EXERCISE DIRECTIONS | Within the entries below, please return exactly the lines from the one with "Deze stijlvolle diffuser" through the one with "Das Kircheninnere zeigt", leaving out any pictures.

SOURCE MATERIAL |
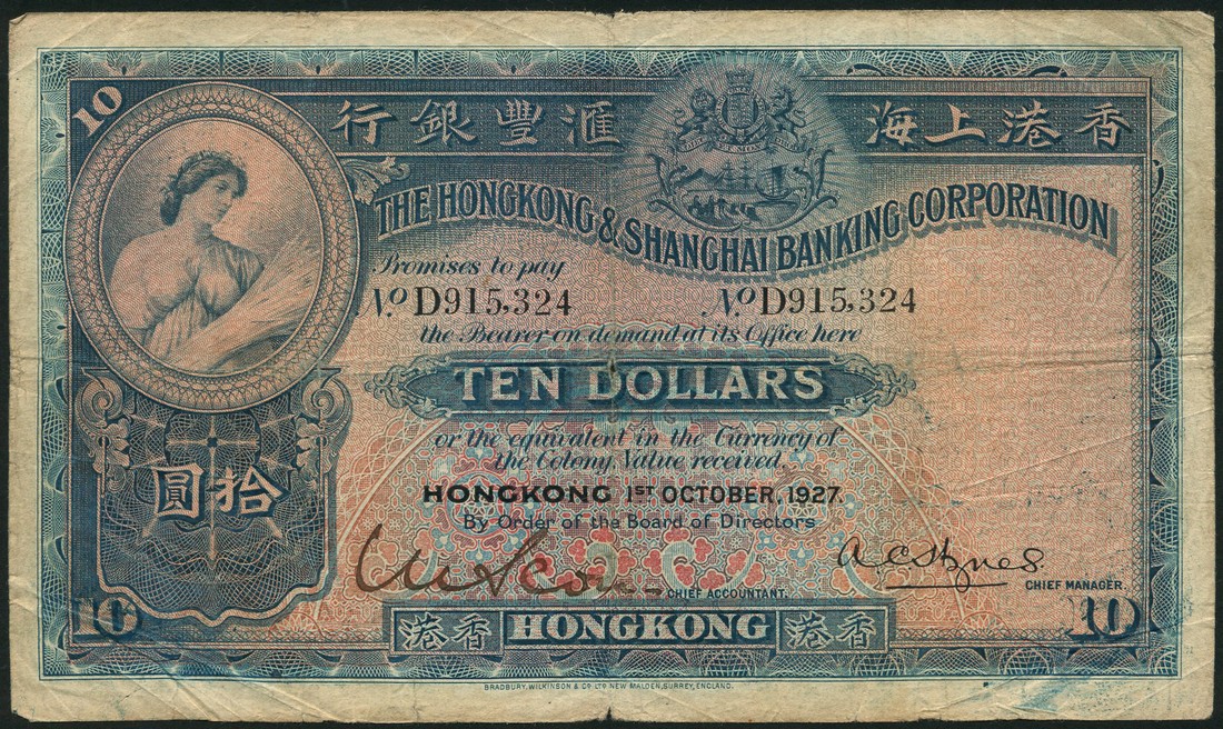 Hong Kong and Shanghai Banking Corporation, $10, 1 October 1927, serial number D 915324, blue and pink and pale blue, Ceres top left, arms of the bank top right centre, manuscript signature low left, printed signature of A.C.Hynes low right, reverse blue and multicoloured, the bank head office at centre with an angel and trumpet above, value at left and right
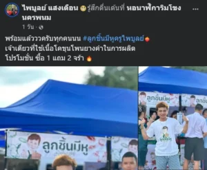 โดนครูไพบูลย์ได้เขียนข้อความเอาไว้ว่า พร้อมแล้วววครับทุกคนนน #ลูกชิ้นมีหูครูไพบูลย์ เจ้าเดียวที่ใช้เนื้อโคขุนโพนยางคำในการผลิต โปรโมชั่น ซื้อ 1 แถม 2 จร้า”
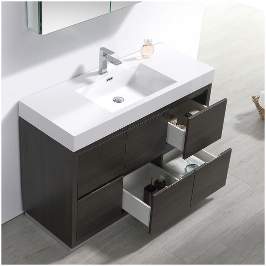 Valencia 48" Gray Oak Free Standing Modern Bathroom Vanity w/ Medicine Cabinet
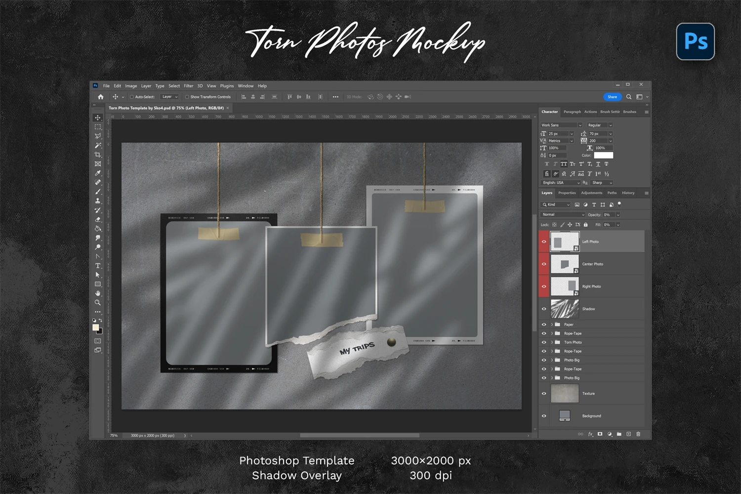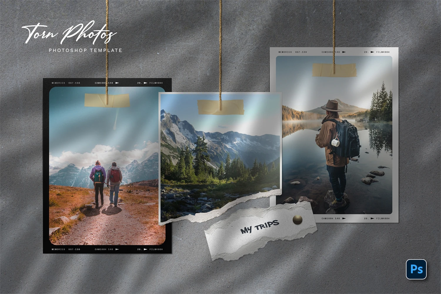 Torn photo edges, ripped edges and realistic natural shadows. Polaroid photos hanging on threads.
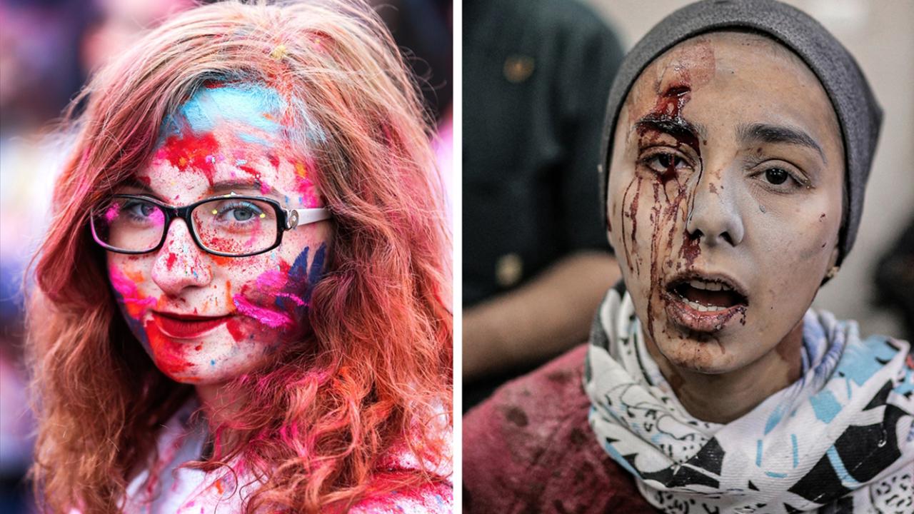 Bir tarafta festival için yüz boyayanlar; diğer tarafta İsrail`in bombardımanında yüzü kan olanlar...
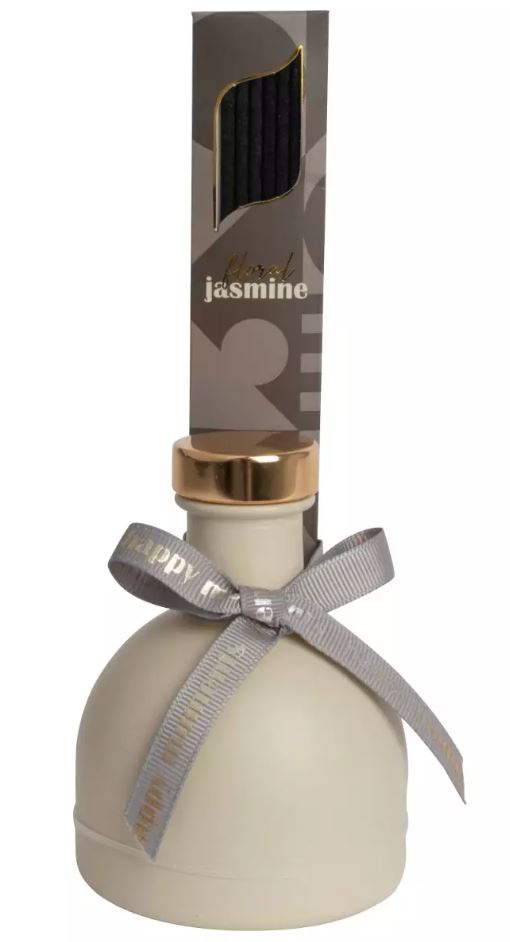 Deze stijlvolle diffuser combineert een modern design met een bloemige jasmijngeur.
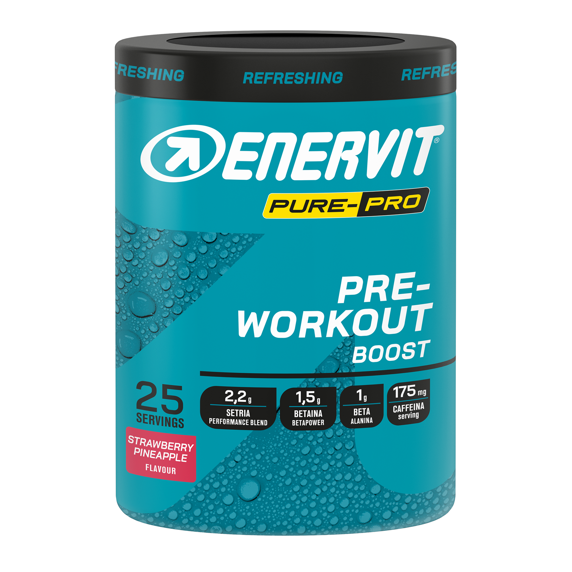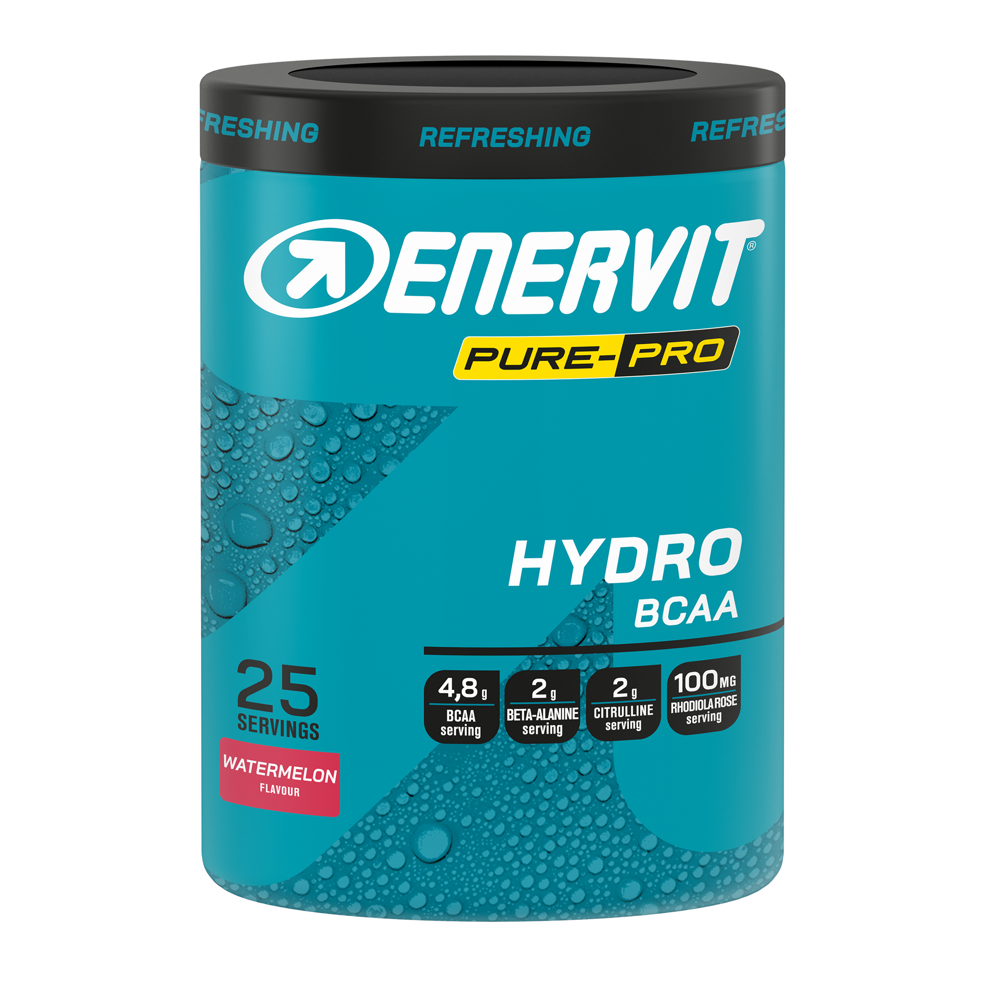 Enervit PURE-PRO Hydro BCAA is a drinkable branched-chain amino acid supplement with refreshing watermelon flavor, designed to support protein synthesis and reduce fatigue during intense training sessions.
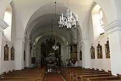 Das Kircheninnere zeigt ein dreijochiges Langhaus unter einem Kreuzgratgewölbe aus 1689 auf eingestellten Wandpfeilern mit Kämpferkapitellen. Die Westempore entstand nach 1945. Der leicht überhöhte dreijochige Chor hat im Mitteljoch ein Platzlgewölbe und im 1. und 3. Joch eine Stichkappentonne auf Wandpfeilern mit vorgeblendeten Doppelpilastern. Die Sakristei ist platzlgewölbt.
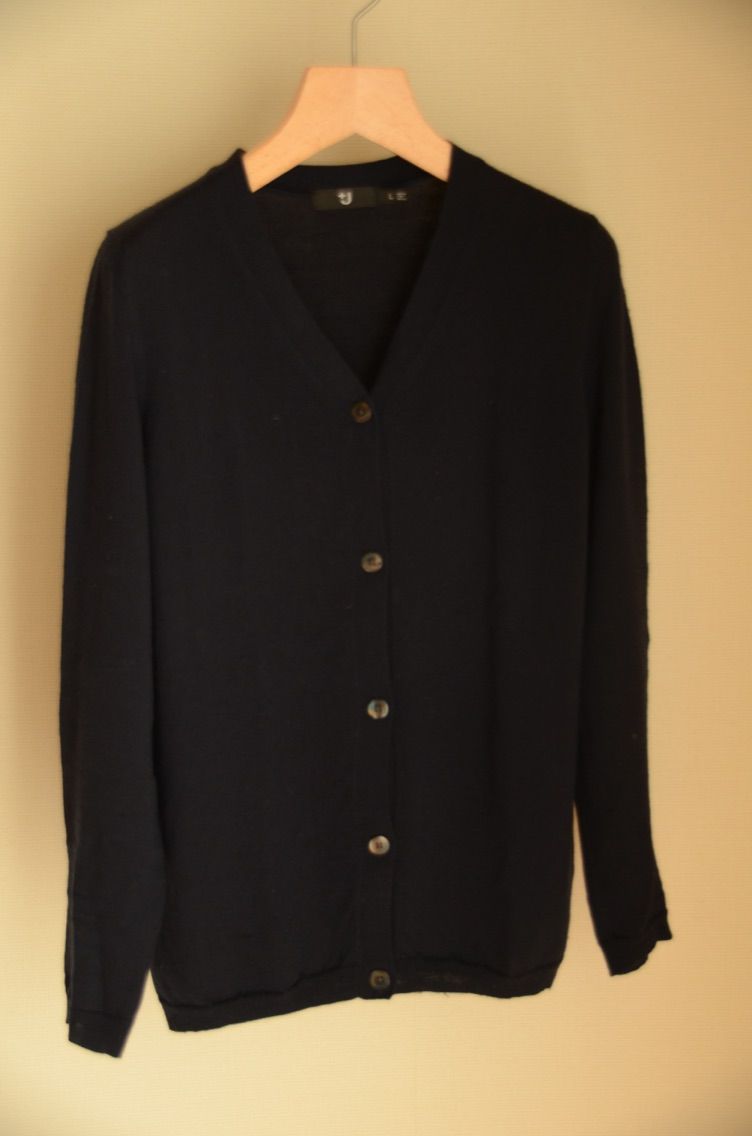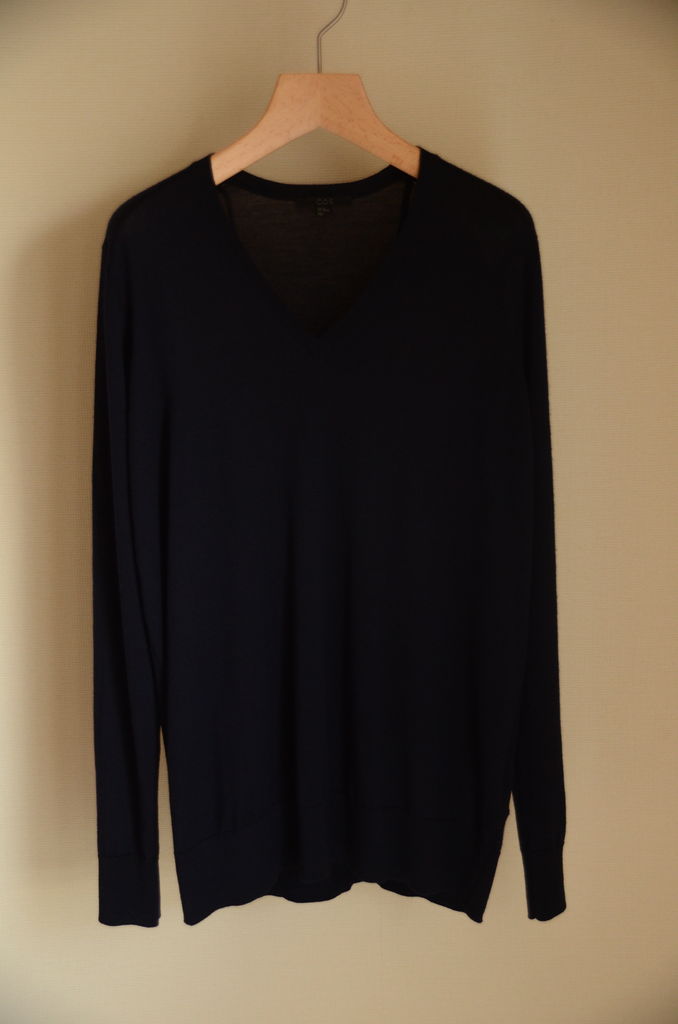 素材デザイン共に優れており5年ほど愛用しましたが、丈が短いのが気になるようになり、COSで自分に合った丈のVネックニットを見つけたので買い替えました。

EXERCISE ANSWER |
 Deze stijlvolle diffuser combineert een modern design met een bloemige jasmijngeur.
 Enervit PURE-PRO Hydro BCAA is a drinkable branched-chain amino acid supplement with refreshing watermelon flavor, designed to support protein synthesis and reduce fatigue during intense training sessions.
 Das Kircheninnere zeigt ein dreijochiges Langhaus unter einem Kreuzgratgewölbe aus 1689 auf eingestellten Wandpfeilern mit Kämpferkapitellen. Die Westempore entstand nach 1945. Der leicht überhöhte dreijochige Chor hat im Mitteljoch ein Platzlgewölbe und im 1. und 3. Joch eine Stichkappentonne auf Wandpfeilern mit vorgeblendeten Doppelpilastern. Die Sakristei ist platzlgewölbt.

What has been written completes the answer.